Construction of the combined parking garage and car rental facility is beginning this month, with completion expected in 2017, according to San Antonio Aviation Director Frank Miller.
"The issue that we've had here is the difficulty of the passengers getting to and from where they pick up the cars," Miller said. "We'll be eliminating the shuttle buses, and the new facility will greatly improve the customer experience."
The airport will sign rental car and concession agreements with eight companies before it delivers the bonds. Each operator is responsible for ground rent, which is considered as general revenues of the airport system.
While the airport bonds attracted investors looking for higher yield, the general obligation bonds coming at the end of the month should appeal to institutional investors who need top-rated securities, Rodriguez said.
"San Antonio usually gets a very strong response to its issues because of its triple-A rating," Rodriguez said.
The GO deal will include $250 million of new money and $200 million or more in refunding, Gorzell said. The new money will include $85 million of certificates of obligation and about $45 million for upgrades to the Alamodome stadium, he said.
The new money will be the fourth issue from a 2012 authorization of $596 million.
The city will have capacity for one more issue from the 2012 election and is likely to ask voters to approve another proposal in 2017, Gorzell said.

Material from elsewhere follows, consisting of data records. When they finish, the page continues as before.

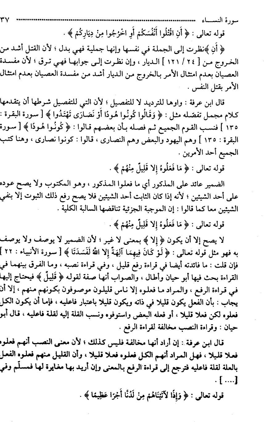 قال ابن عرفة: إن أراد أنها مخالفة فليس كذلك؛ لأن معنى النصب أنهم فعلوه فعلا قليلا، فهل المراد أنهم الكل فعلوه فعلا قليلا، وأن القليل منهم فعلوه الفعل بالعلة لقلة فاعليه فترجع إلى قراءة الرفع بالمعنى، وإن أريد بها مغايرة لها فمسلم وفي [ ... ]
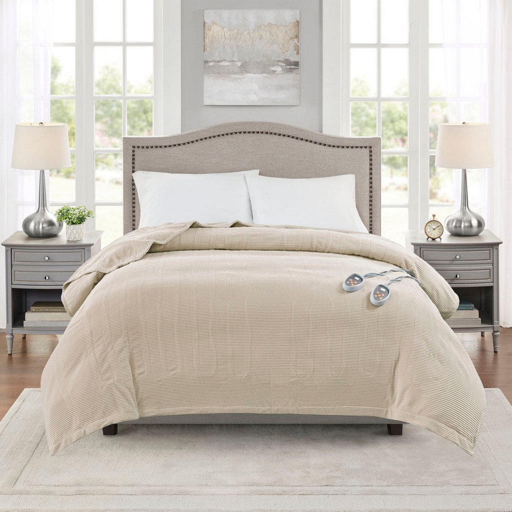 Olliix Electric Micro Fleece Heated Blanket Beige
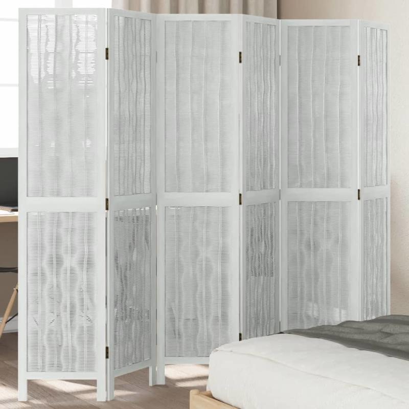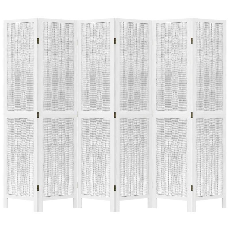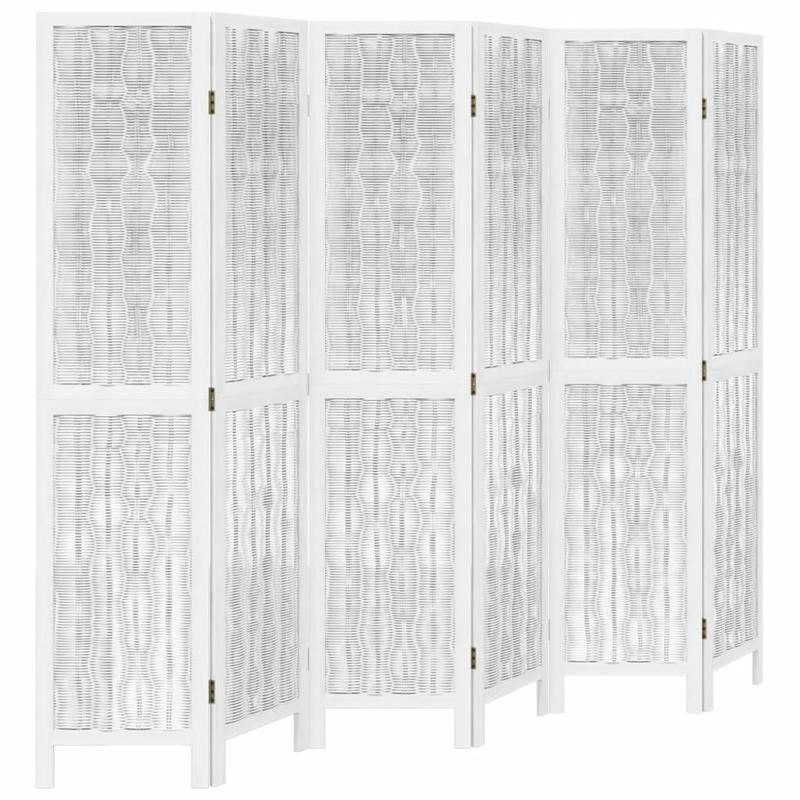 Paravent Blanc en Rotin Tressé à Motif Ondulé
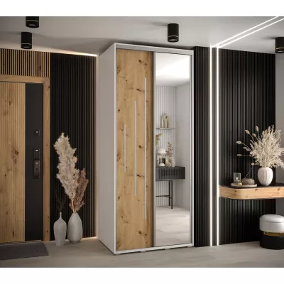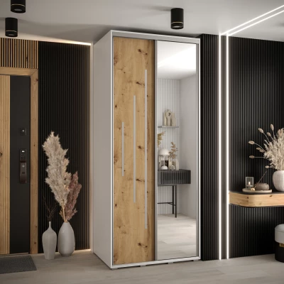 Šatní skříň ASIRI 13 - 100/60 cm, bílá / dub artisan / stříbrná
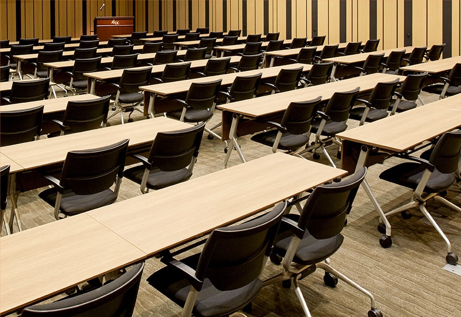 When taking part in long seminars or meetings with a classroom layout, allocating three chairs per table can result in the middle chairs not being used, or in participants sitting in middle seats feeling crowded in by the people to their right and left. That's why AICC offers two-person tables. Our chairs are spacious and have armrests, making them comfortable and preventing participants from becoming restless.
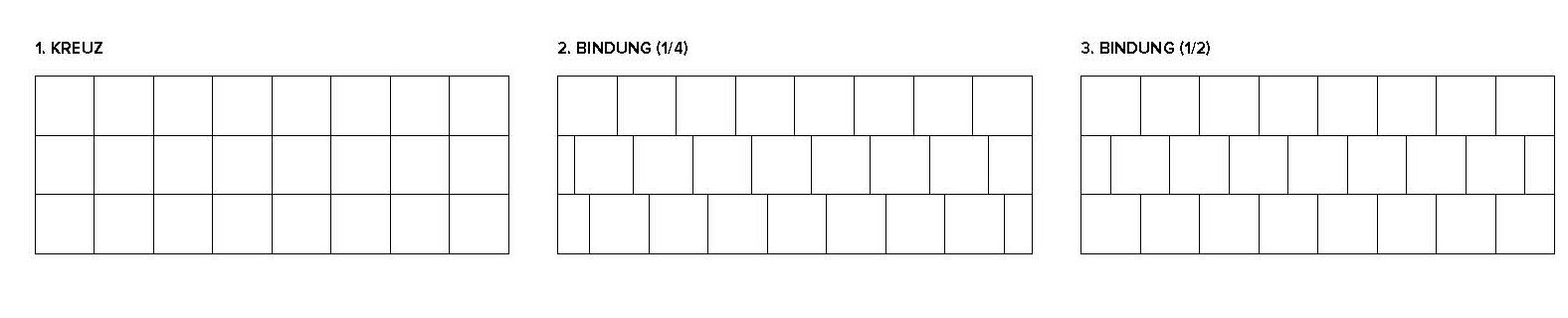 Die Verlegung kann aber auch auf andere Weise im Hinblick auf die von Ihnen beabsichtigte Anordnung der Fugen zwischen den Fliesen ästhetisch geeignet erfolgen.
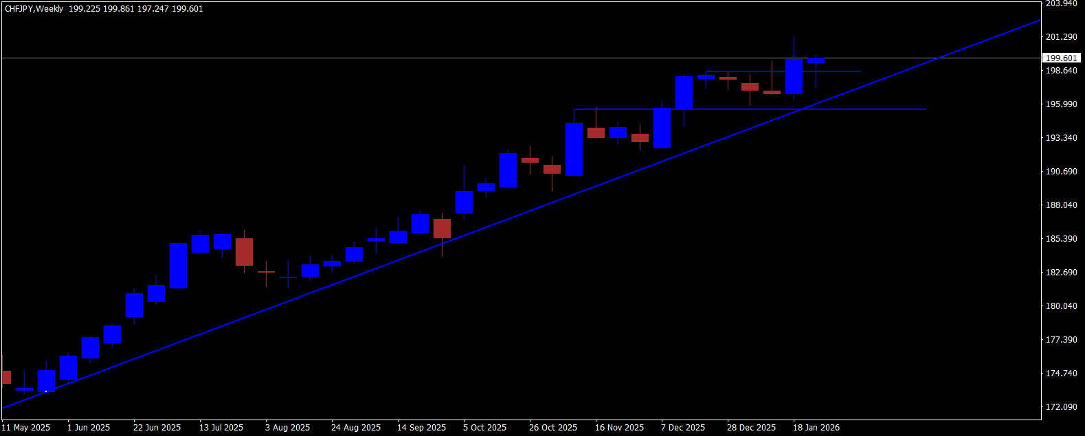 Vývoj měnového páru CHF/JPY na týdenním grafu (W1):

Additions to the 21-year-old Alamodome include two LED video boards, wider concourses on the stadium's east and west sides, an outdoor plaza, and new terrace club. Construction is expected to begin in November.
To accommodate the NCAA's Final Four tournament in 2018, designers are enlarging the locker rooms and a media room. The city is also in the bidding for the NCAA's college football playoffs, with an announcement of the winner expected in December.
Built in hopes of attracting a National Football League team, the Alamodome played host to the New Orleans Saints after Hurricane Katrina in 2005 and was scouted as a new home for the Oakland Raiders, whose owner has decided to keep the team in Oakland for the time being while pursuing a stadium deal in Los Angeles.
As the second-largest city in Texas, San Antonio enjoys stability from its large military presence and volatility from its location just north of the Eagle Ford Shale, one of the most productive shale oil and gas producing regions in the nation. With oil prices hovering around half of their 2014 peak, activity in the Eagle Ford has declined.
The Alamo City dodged a bullet earlier this month when the U.S. Army announced minor cutbacks of 329 soldiers at Joint Base San Antonio, the city's largest employer. The government sector employs 17.8% of the city's workforce, with the military accounting for more than 92,000 jobs.
San Antonio benefited from the Base Realignment and Closure (BRAC) in 2005. The BRAC initiative awarded the joint base $3.4 billion in construction, which accounted for an estimated $8.3 billion in economic impact for the city. The BRAC also resulted in the consolidation of five military education training programs from across the country at the joint base and the creation of the military's largest inpatient health care facility.
In a special report after the Army's July 9 announcement that it was cutting 40,000 troops over the next three years, Moody's said that San Antonio's credit should not be affected.